Re: g_str_hash




Karl Nelson <kenelson@ece.ucdavis.edu> writes:

> > 
> > Hi,
> > 
> > g_str_hash is really slow. The Tcl string hash function is twice as
> > fast, literally. Here's a test program, and it also shows you the Tcl
> > function.
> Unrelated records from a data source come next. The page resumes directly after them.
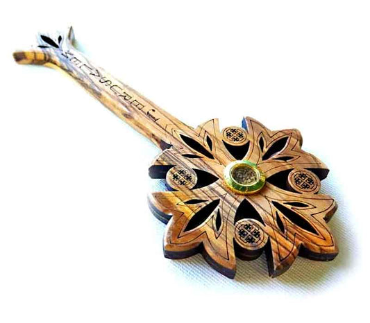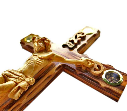 original olive wood Thorns cross made in Bethlehem with Jordan river water and stones from Jerusa...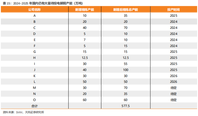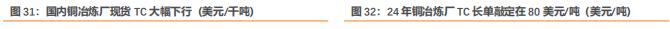 矿端紧张通过大幅下行的加工费传导至冶炼端。2024-2025年国内有大量冶炼产能待投,偏紧的矿端预期叠加冶炼产能的宽松带来TC/RC大幅下行。24年3月13日中国有色金属工业协会召开的铜冶炼企业座谈会中,与会企业就调整冶炼生产节奏达成一致,将压减生产负荷、新建产能推迟投运,此外国家也将提高新建铜冶炼项目准入门槛。冶炼端的收紧预计将对精炼铜产量形成制约。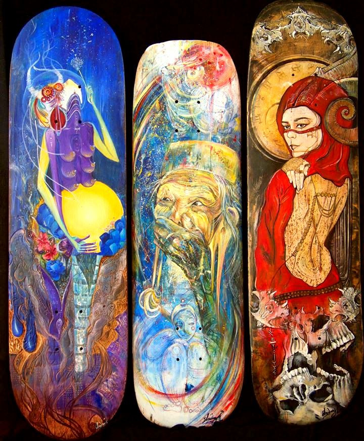 Peintures sur skateboard.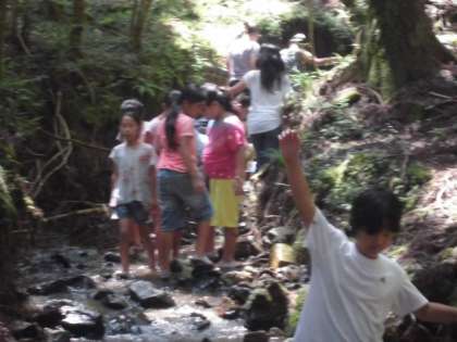 8月6日・7日は楽しみにしていた少年補導のサマーキャンプが百井で行われました。市内中心部は最高気温が37度を超える暑い日でしたが,百井は標高が高いので,さわやかな風が吹いていました。場内を流れる小川で,水遊びを楽しみました。その後のおやつはかき氷です。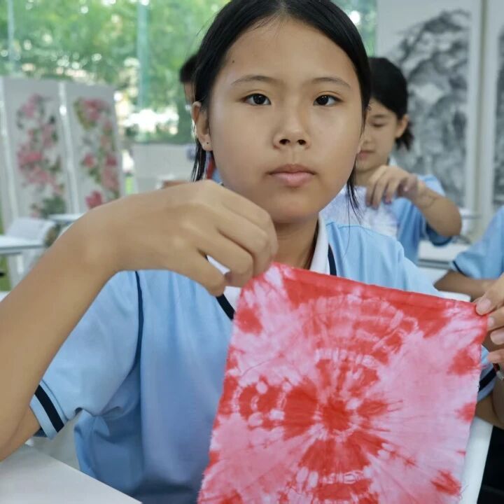 这堂扎染课,不仅让孩子们体验了动手的快乐,更让千年非遗文化以鲜活的方式走进童年。每一道绳结,都是与历史的对话;每一寸染布,都是文化传承的小小注脚。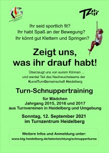Voraussetzung zur Teilnahme ist Interesse am leistungsorientierten Wettkampfturnen, Spaß an der Bewegung und am Turnen und Interesse an der Teilnahme am Training im Turnzentrum Heidelberg. Während des Schnuppertrainings haben alle Mädchen die Gelegenheit ihr sportliches Talent zu präsentieren, um sich für die Nachwuchsgruppen der KTG Heidelberg zu empfehlen.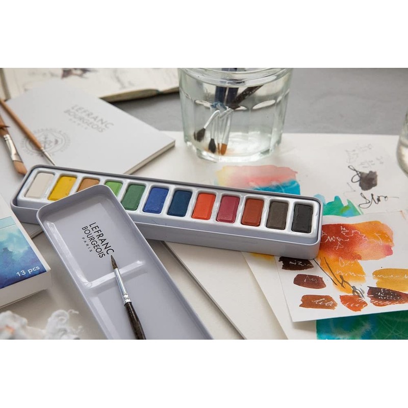 Lefranc & Bourgeois 301444 Watercolour Set with 12 Strong Studio Watercolour Paints, High-Quality Watercolours with Excellent Light Fastness, Transparency, Brilliance - 12 Colours, 1 Round Brush No. 8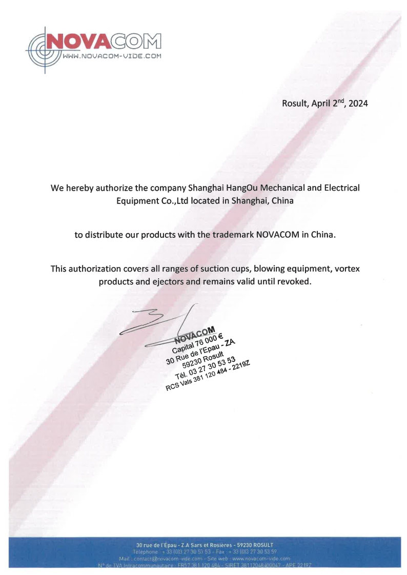 2024年法國NOVACOM工廠授權(quán)上海航歐中國區(qū)代理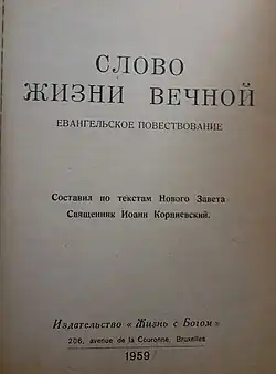 - John Kornievsky, Fr. "The Word of Eternal Life". The publishing house "Life with God", 1959.
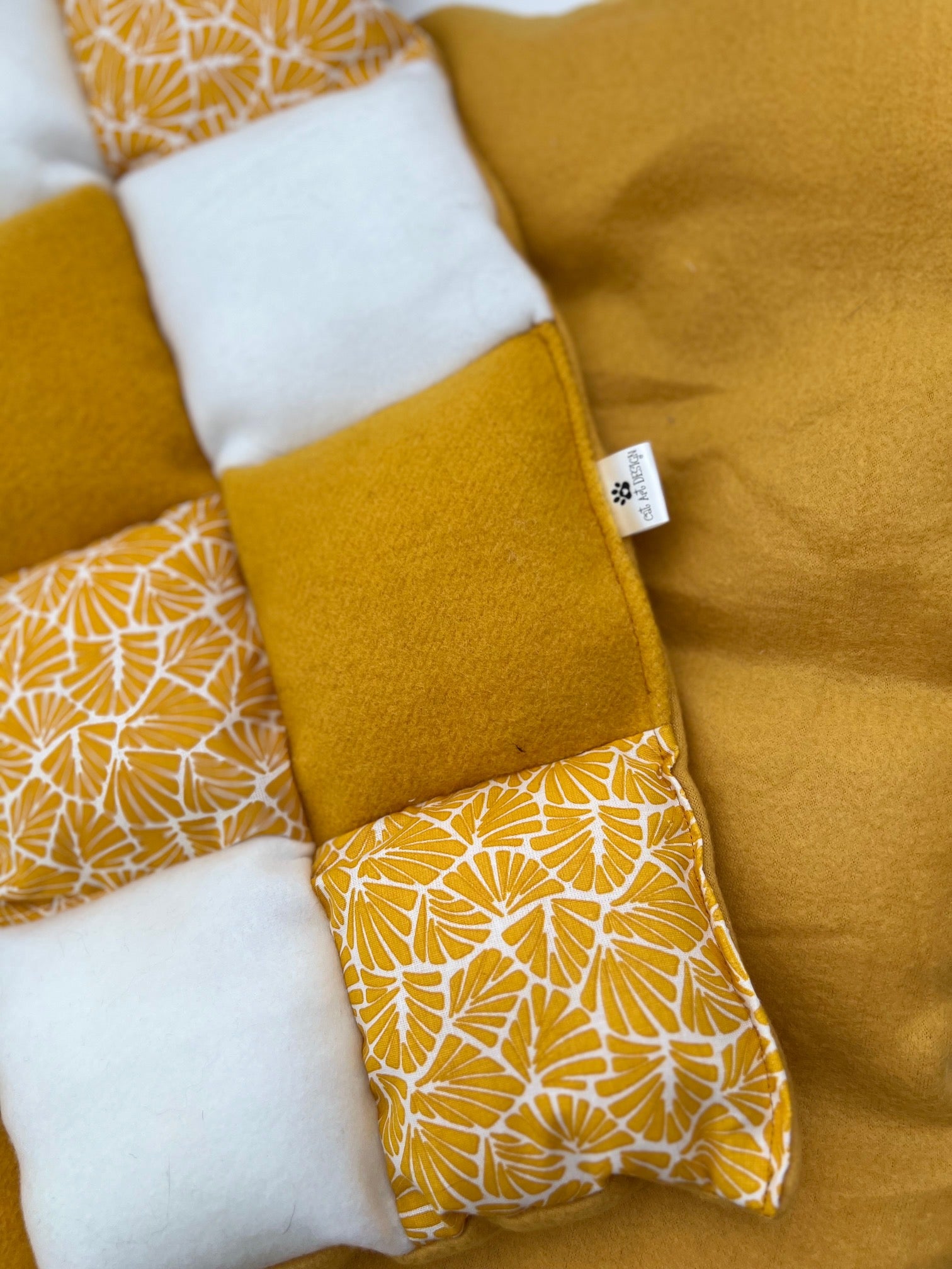 - Matière & Coloris : coton antibe jaune / velours de laine jaune / polaire blanche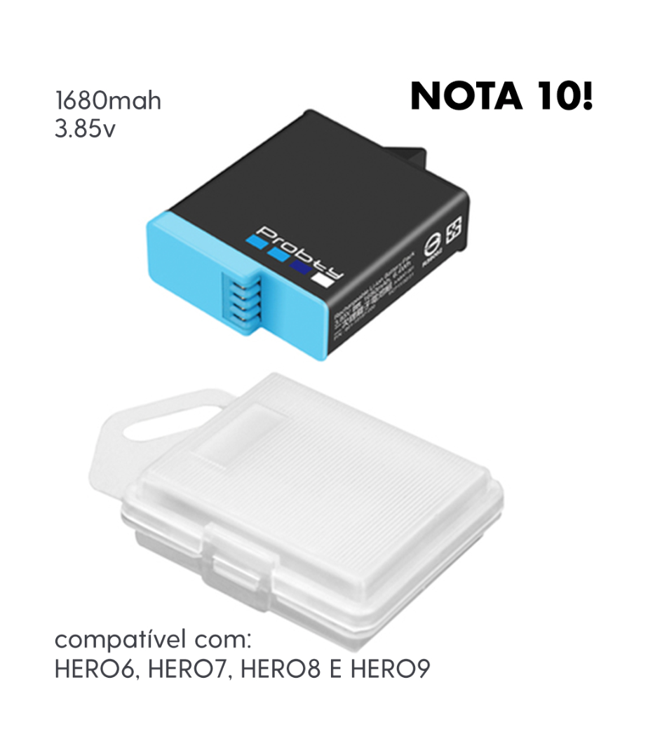 A Bateria GoPro – Probty é a solução perfeita para quem busca energia extra para suas câmeras GoPro Hero 6, 7, 8 e 9. Com alta capacidade e desempenho confiável, esta bateria proporciona longas horas de gravação em diversas condições de uso, desde filmagens em movimento até gravações de ação intensas.
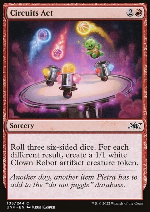 Roll three six-sided dice. For each different result, create a 1/1 white Clown Robot artifact creature token.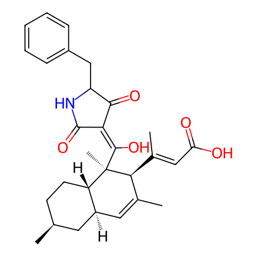 | SMILES | C[C@H]1CC[C@H]2[C@H](C1)C=C([C@@H]([C@]2(C)C(=C3C(=O)C(NC3=O)CC4=CC=CC=C4)O)C(=CC(=O)O)C)C |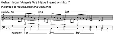A well-known popular example of a threefold descending fifths diatonic sequence is found in the refrain from the Christmas carol "Angels We Have Heard on High,"[4] as illustrated immediately below ("Glo...ria in excelsis Deo"). The one-measure melodic motive is shifted downward at the interval of a second, and the harmonic aspect does so likewise by following the circle of fifths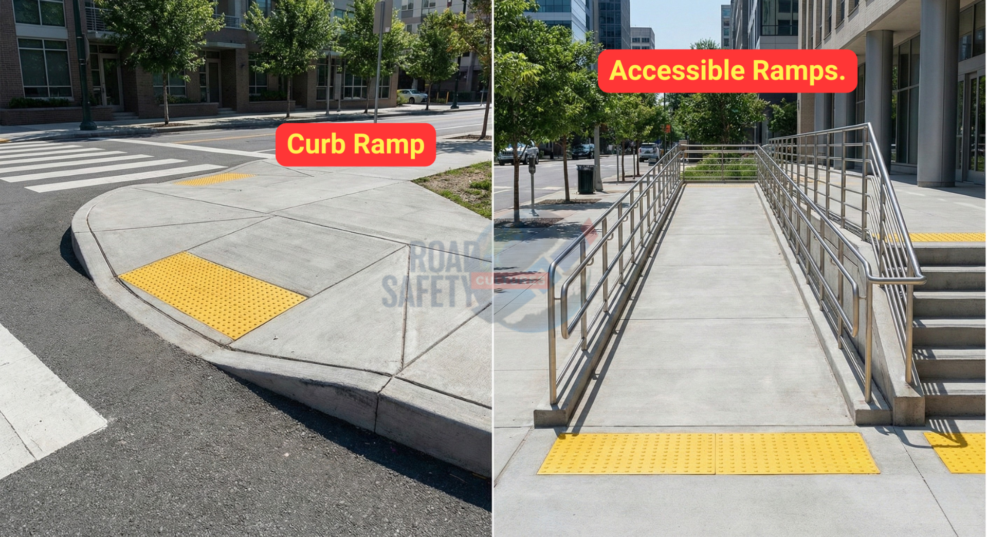 Purpose: To eliminate the massive height difference between the sidewalk and the road level, ensuring the safe transition of wheelchairs.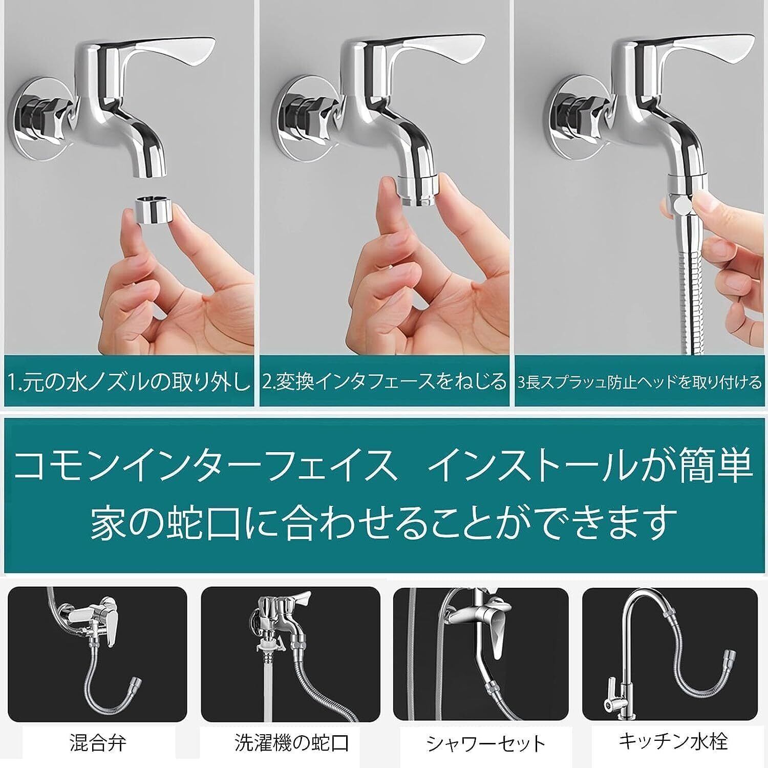 ご注意: インストール前には必ず蛇口自体のシャワー口を取り外してください。(取り外しないと、水漏れの可能性があります。) 付属の漏れ防止ワッシャー必ず本体に入れてください。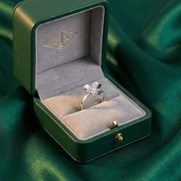 Bạn là tín đồ ưa thích mẫu thiết kế thương hiệu Van Cleef & Arpels thì đừng bỏ qua mẫu thiết kế nhẫn này. Frivole ring, 1 flower, small model – là thiết kế nhẫn hoa bốn cánh mang đến vẻ đẹp thanh khiết và đầy may mắn cho người đeo. Các cánh hoa được chế tác mềm mại, tỉ mỉ, tạo hiệu ứng cong tự nhiên, sống động như một bông hoa thật.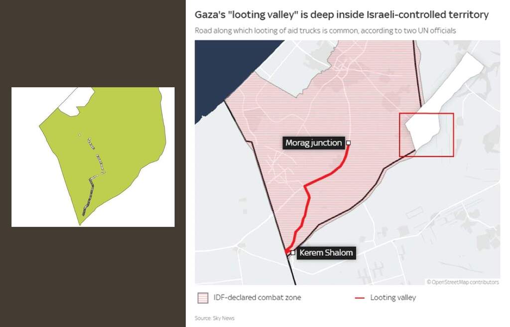 Dalam seminggu menjelang 1 Agustus, 89% truk bantuan PBB yang memasuki Gaza dijarah. Otoritas Israel telah menggunakan tingkat intersepsi yang tinggi untuk menggambarkan mekanisme pengiriman bantuan PBB sebagai kegagalan — tetapi seorang jurnalis investigasi digital Sky News menemukan bahwa tumpahan tepung yang terlihat "hampir semuanya berada jauh di dalam area yang dinyatakan sebagai zona tempur IDF" — area tempat Yasser Abu Shabab dan milisinya yang didukung Israel diketahui beroperasi. Drop Site @DropSiteNews - 12 Agt 2025. Area pink zona = IDF combat zone (Rafah), map hijau, dan titik2 cecerah tepung.

Any objections to the Tcl version?
> 
> Instead of switching how about just optimizing the one we have a
> bit?
> 
> guint
> copy_of_g_str_hash (gconstpointer v)
> {
>   const char *s = (char*)v;
>   const char *p;
>   guint h=0, g;
> 
>   for(p = s; *p != '\0'; p += 1) {
>     h = ( h << 4 ) + *p;
>     if ( ( g = h & 0xf0000000 ) ) {
>       h = h ^ (g >> 24);
>       h = h ^ g;
>     }
>   }
> 
>   return h /* % M */;
> }
> 
> =>
> 
> guint
> copy_of_g_str_hash (gconstpointer v)
> {
>   const char *s = (char*)v;
>   const char *p;
>   guint32 h=0;
> 
>   for(p = s; *p != '\0' && !(h&0xf0000000); p += 1) {
>     h = ( h << 4 ) + *p;
>   }
>   for(; *p != '\0'; p += 1) {
>     h = h ^ ((h >> 24)&0xf0);
>     h = ( h << 4 ) + *p;
>   }
> 
>   return h /* % M */;  
> }
> 
> This is the exact same hash except operations have been moved to
> enhance speed.  The difference being the new one keeps the upper bits 
> and thus has less collisions and operates somewhere between the TCL and 
> GLib on.  

I suspect the appeal of the ASU one is solely that it is nice and
easily analyzable. I won't believe that it creates less collisions
until somebody shows me a set of (plausible) strings where that is the case.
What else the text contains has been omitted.